46 Anschließend nannte ich meinen Gesichtsausdruck vor dem Spiegel: ruhig, ernst, auch: gefaßt. Ich sah diesen Ausdruck und sagte mir also, daß dies das GefühI angesichts eines Todesfalls sei, nämlich Trübsinn, Niedergeschlagenheit, Kummer, Trostlosigkeit, ja, dies war also noch zutreffender: Trauer, ich war traurig, ich trauerte, ja, natürlich. Und als ich in den Flur trat, taten es die Menschen, die sich dort aufhielten, auch, wie ich sogleich an ihrem Benehmen erkannte."

47 Dieser alternative Sicht zufolge hätten wir privilegierten Zugang zu unseren eigenen mentalen Zuständen: wir schlössen auf der Basis dieser erlebten, introspizierbaren und uns selbst zuschreibbaren mentalen Zustände auf die Zustände anderer (Perspektive b); diese Auffassung scheint der theoretische Hintergrund der folgenden Passage zu sein.

48 Frau Mühlenbeck im Gehäus (1980)

49 "Wie eine einmal, ein für allemal festgelegte Autobiographie zur gewissermaßen ideologischen Wahrnehmung auf Maximen und Lebensweisheiten mancher Art hin, zu einem stabilen, schützenden und unentrinnbaren Gehäuse wird — oder eben zu einem Zierobstbaum, an dem die restlichen Lebensfrüchte wachsen —‚ habe ich in meinem ersten Roman von 1980: »Frau Mühlenbeck im Gehäus«, darzustellen versucht.

50 In einer demonstrativen Konstruktion sind hier zwei Ich-Erzählerinnen gegenüberpostiert: die ihr Leben vor, nach und zwischen den Weltkriegen vorführende Frau Mühlenbeck und eine junge Untermieterin, die, zunächst noch in ihren Empfindungen und Beurteilungen »urwaldhaft« verworren, bei der viel älteren Frau Mühlenbeck in die Lehre geht, durch Zuhören — ein Vorgang der Domestikation in diesem Fall — in deren Sog gerät und ihre Ordnungsmuster übernimmt, auch ihre Anekdotenbildung, und am Ende erste Anzeichen von Lebenstüchtigkeit, wie man das nennt, allerdings auch von Erstarrung aufweist, wohltätige, aber auch zur Verarmung des Potentiellen führende Eindeutigkeit.
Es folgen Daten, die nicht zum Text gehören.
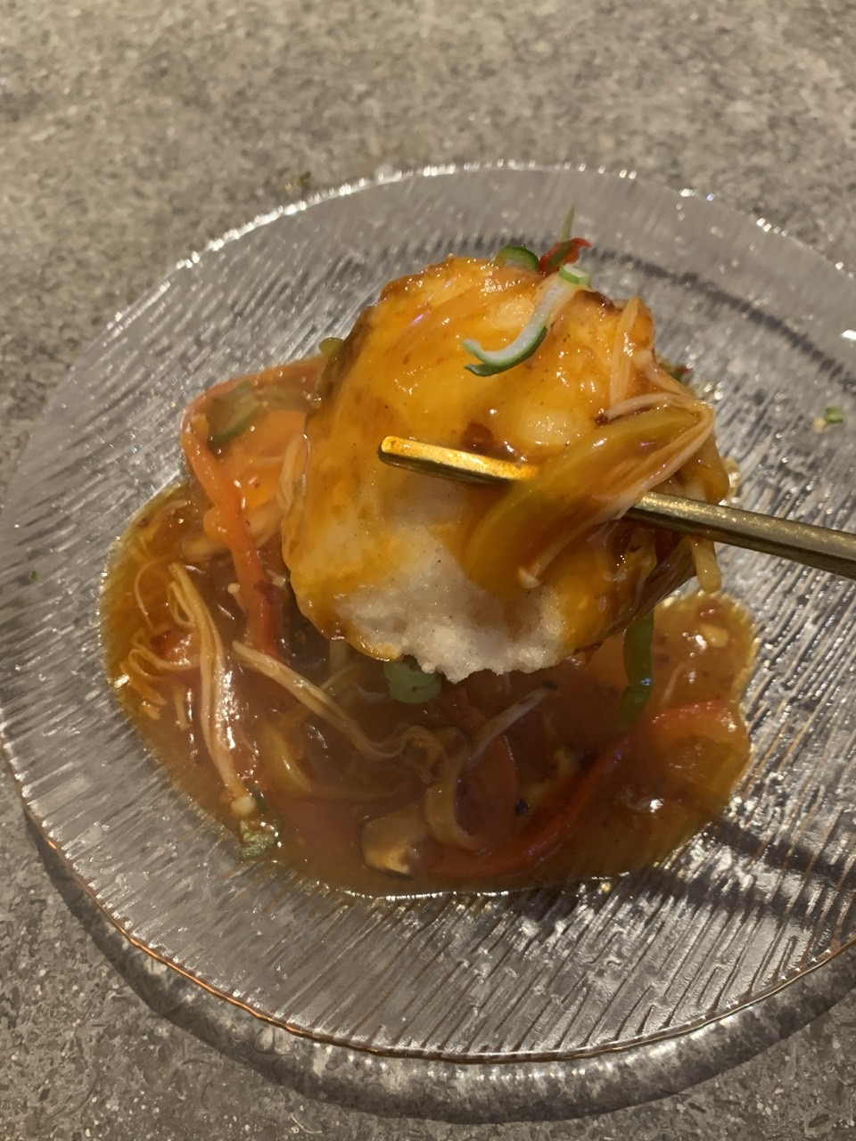 사장님께서 슈슈의 3가지 시그니처메뉴가 있다고 하셨다. 크림새우, 동파육 그리고 하나(까먹음). 세 가지 메뉴는 항상 그대 로고 나머지 메뉴는 장 보러 가는 거에 따라 바뀐다고 한다. 슈슈의 동파육은 매일매일 새로운 고기를 사용한다고 한다. 사장님은 팔선에서 오랫동안 근무하셨다고 했는데 팔선에서조차 동파육의 고기는 한 번에 만들어놓고 냉동 후 그때그때 사용한다고 하지만, 이곳은 소규모로 운영돼서 신선한 고기를 매일 요리해서 사용하신다고 한다. 동파육의 덩어리가 거의 스테이크 한 덩어리라 양이 상당했다. 고기는 포크로 잘라도 잘 잘 릴정도로 부드러웠고, 맛도 좋았다.

51 Mit Frau Mühlenbeck hatte ich, allen Bedenken der Moderne zum Trotz und doch ohne rückfällig zu werden, eine Form gefunden, klassische Geschichten, beinahe Kalendergeschichten schon, zu erzählen. Auch hier kam es mir darauf an zu zeigen, wie eng Leben und Literatur, wenn man diese etwas großzügig als Herstellen von Reihenfolgen, Netzen, Systemen, auch natürlich von Lebenssinn, Nicht-Zufälligkeit begreift, ineinander verzahnt sind."